For years, Andrew Shikiar, executive director and CEO of the FIDO Alliance, has argued that passkeys are an uncommon example of a security enhancement that is both simpler for users and more difficult for attackers. In cybersecurity, where the more typical trade-off goes the other way, that combination is truly uncommon. Accounts are now more secure and logins are more difficult thanks to two-factor authentication. Accounts with complicated password requirements were much more difficult to manage and slightly more difficult to crack. Passkeys require you to press your thumb against a sensor in order to log in, at least in their improved versions. There is no more friction. Security gets better. The cryptographic architecture makes the claim defendable in a way that marketing language typically doesn’t, but it’s possible to be a little skeptical of anything described in those terms.

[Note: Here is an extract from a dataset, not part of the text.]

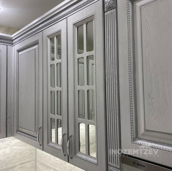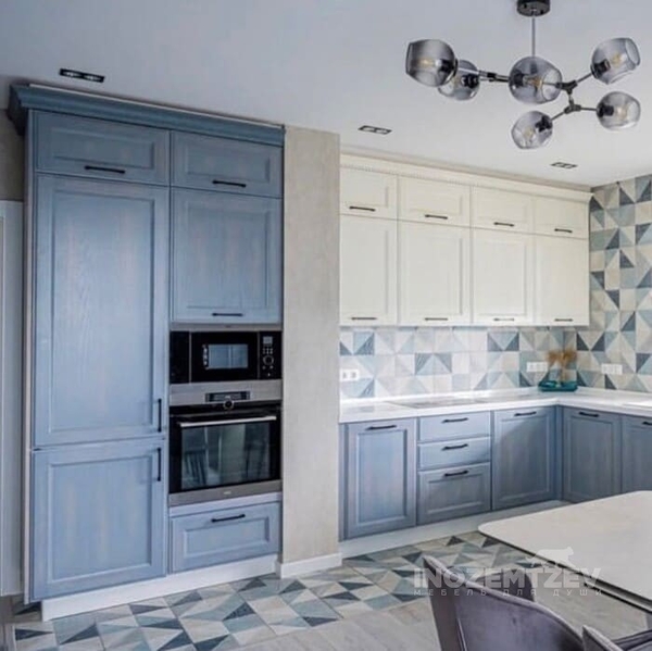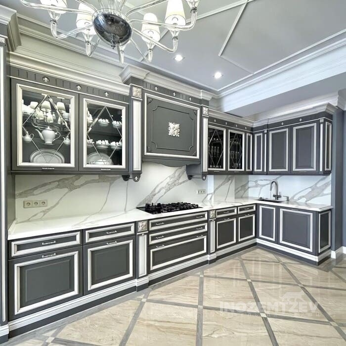 Кухня из массива ольхи в двух цветовых решениях с декоративными элементами, выполненная в классическом стиле

In 2022, Google, Apple, and Microsoft jointly announced their commitment to passkey support, which was a truly significant indication of the direction the industry was taking. Since then, the change has been gradual rather than abrupt, with passkeys being offered as alternatives during login flows, suggested during account creation, and subtly appearing inside settings menus. It’s likely that the majority of people were asked to make one without fully comprehending what they were consenting to. In some ways, this quiet rollout is precisely how these changes typically occur. The end of the cassette tape was not announced by the CD. It simply kept showing up until the cassette vanished. Observing passkeys proliferate across major platforms gives the impression that the password is currently at a similar turning point: it is still there and still functional, but it is losing ground to something that performs better in ways that are getting harder to ignore.

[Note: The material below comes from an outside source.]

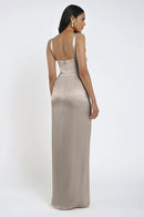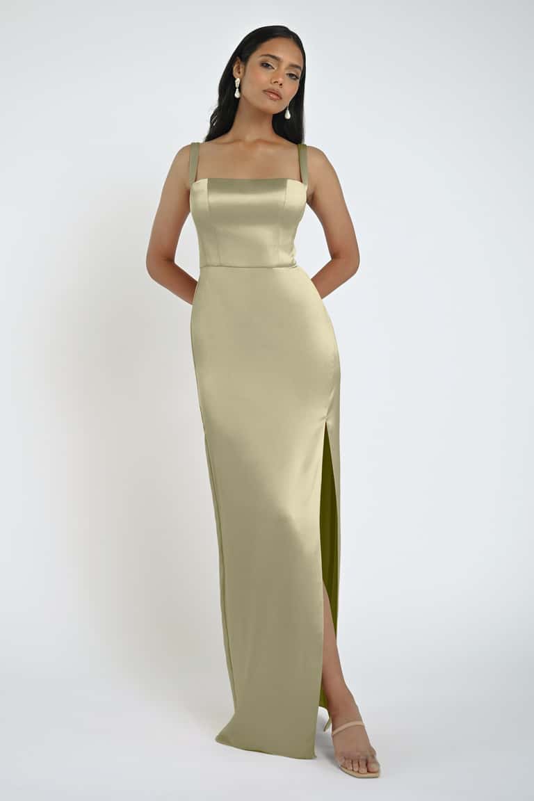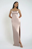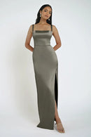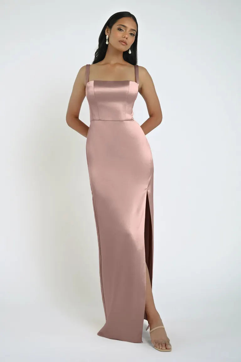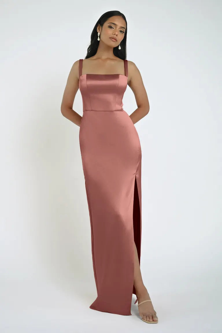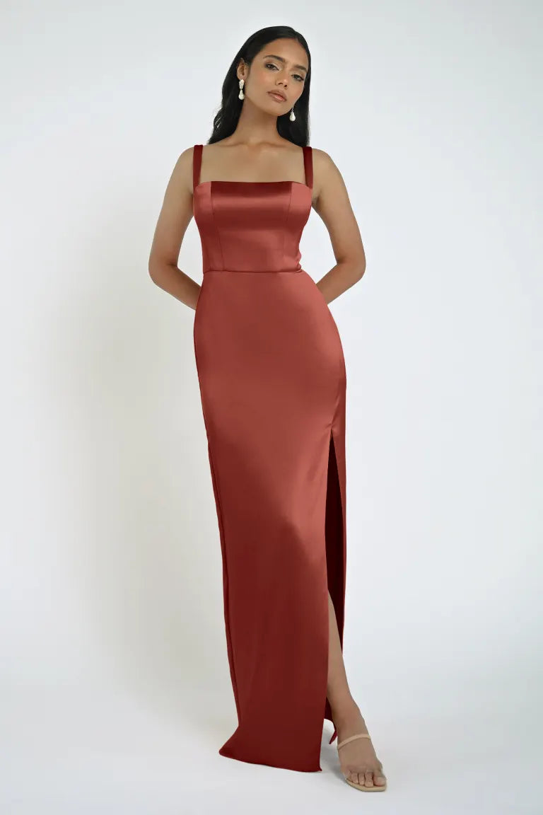A bombshell has entered the wedding! The Lowe dress is sure to turn heads with her striking square neckline and sleek skirt with a daring slit.

There are still genuine questions. What happens if the device containing your private key is lost? Restoring via your Google, Apple, or Microsoft account is a workable solution, but it adds dependencies of its own and essentially shifts trust from the service you’re logging into to the platform handling your login credentials. It’s important to think carefully about whether that represents a significant increase in control or just a change in who has the keys. Additionally, it’s unclear how soon the shift will affect the long tail of smaller services, outdated platforms, and less technologically advanced businesses that still require users to select and double-check their passwords. Not all organizations have access to the time and resources needed to build the infrastructure needed to support passkeys.
The direction of travel remains unchanged. The statistics on credential theft alone provide strong evidence that the current system is irreparably flawed. It is not because users selected weak passwords or because businesses neglected to implement rotation policies that sixteen billion stolen passwords have accumulated. The architecture encourages them to accumulate. That architecture is not patched by passkeys. They swap it out. There has previously been an early and somewhat enthusiastic announcement of the password’s demise. This time, the technology that is replacing it has arrived, the major platforms are behind it, and the data that supports the change is harder to refute than it has ever been.